Exclude images; transcribe the rest of the data exactly.

INPUT DATA START

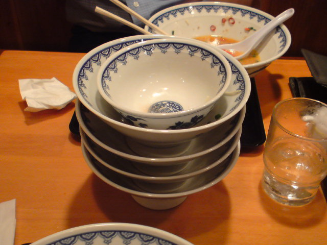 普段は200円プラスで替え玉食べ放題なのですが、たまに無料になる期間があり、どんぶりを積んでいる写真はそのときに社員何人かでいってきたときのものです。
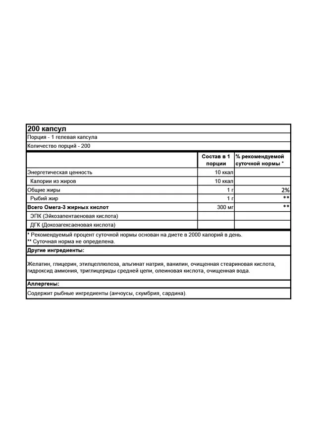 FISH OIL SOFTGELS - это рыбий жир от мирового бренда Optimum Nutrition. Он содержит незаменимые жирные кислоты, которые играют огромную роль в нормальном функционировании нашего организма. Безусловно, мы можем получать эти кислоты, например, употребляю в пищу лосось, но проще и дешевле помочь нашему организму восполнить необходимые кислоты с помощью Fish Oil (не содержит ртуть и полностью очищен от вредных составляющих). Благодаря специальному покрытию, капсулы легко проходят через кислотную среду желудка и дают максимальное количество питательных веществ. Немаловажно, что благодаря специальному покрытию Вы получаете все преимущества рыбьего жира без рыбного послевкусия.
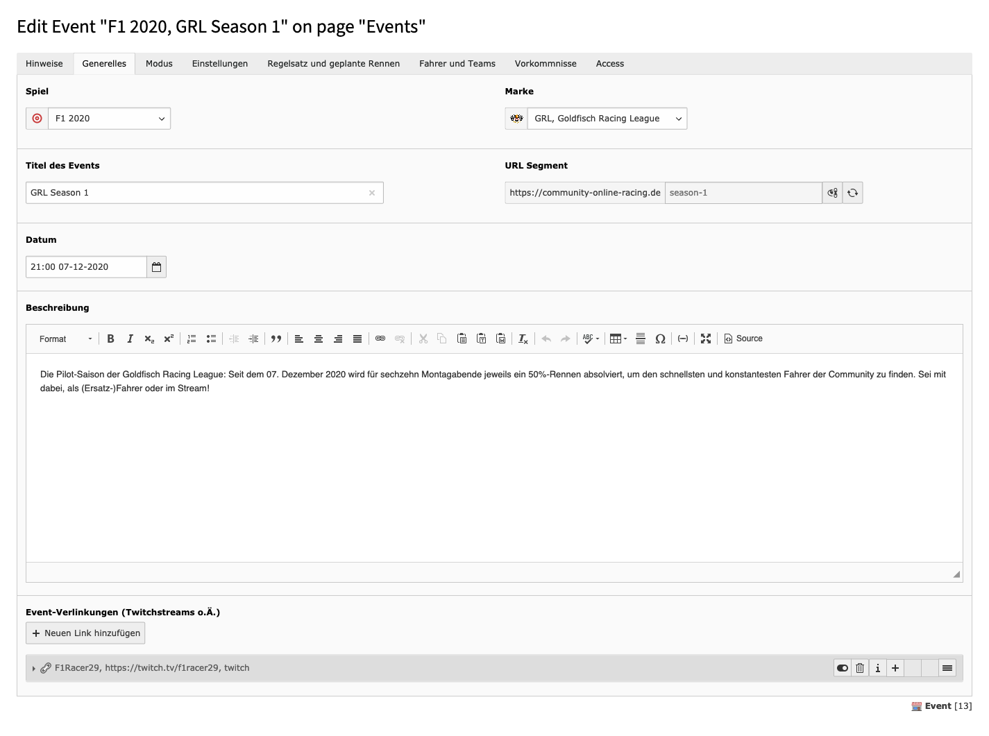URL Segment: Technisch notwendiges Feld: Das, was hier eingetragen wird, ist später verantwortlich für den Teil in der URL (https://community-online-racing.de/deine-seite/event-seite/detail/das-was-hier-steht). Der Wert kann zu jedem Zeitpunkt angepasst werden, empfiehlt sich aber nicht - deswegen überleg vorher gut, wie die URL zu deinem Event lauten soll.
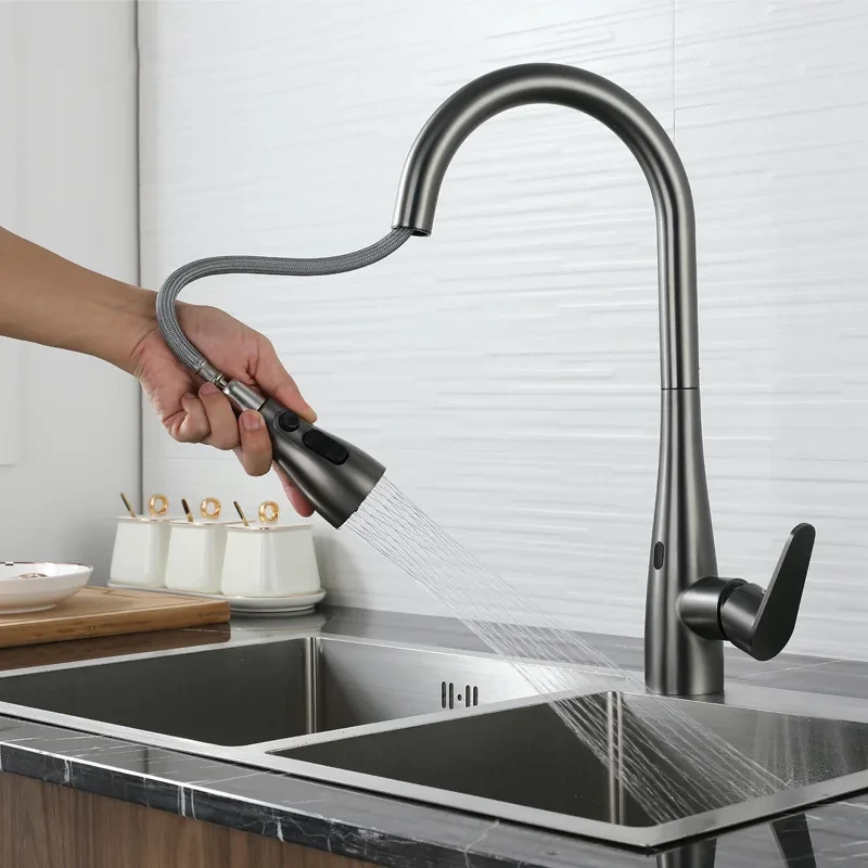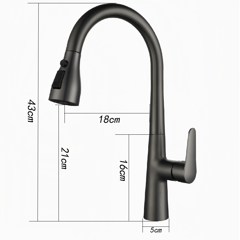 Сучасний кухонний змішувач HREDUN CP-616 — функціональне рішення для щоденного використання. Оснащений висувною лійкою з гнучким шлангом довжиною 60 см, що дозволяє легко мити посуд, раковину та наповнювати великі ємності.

INPUT DATA END

### [RESPONSE AREA]
 普段は200円プラスで替え玉食べ放題なのですが、たまに無料になる期間があり、どんぶりを積んでいる写真はそのときに社員何人かでいってきたときのものです。
 FISH OIL SOFTGELS - это рыбий жир от мирового бренда Optimum Nutrition. Он содержит незаменимые жирные кислоты, которые играют огромную роль в нормальном функционировании нашего организма. Безусловно, мы можем получать эти кислоты, например, употребляю в пищу лосось, но проще и дешевле помочь нашему организму восполнить необходимые кислоты с помощью Fish Oil (не содержит ртуть и полностью очищен от вредных составляющих). Благодаря специальному покрытию, капсулы легко проходят через кислотную среду желудка и дают максимальное количество питательных веществ. Немаловажно, что благодаря специальному покрытию Вы получаете все преимущества рыбьего жира без рыбного послевкусия.
URL Segment: Technisch notwendiges Feld: Das, was hier eingetragen wird, ist später verantwortlich für den Teil in der URL (https://community-online-racing.de/deine-seite/event-seite/detail/das-was-hier-steht). Der Wert kann zu jedem Zeitpunkt angepasst werden, empfiehlt sich aber nicht - deswegen überleg vorher gut, wie die URL zu deinem Event lauten soll.
 Сучасний кухонний змішувач HREDUN CP-616 — функціональне рішення для щоденного використання. Оснащений висувною лійкою з гнучким шлангом довжиною 60 см, що дозволяє легко мити посуд, раковину та наповнювати великі ємності.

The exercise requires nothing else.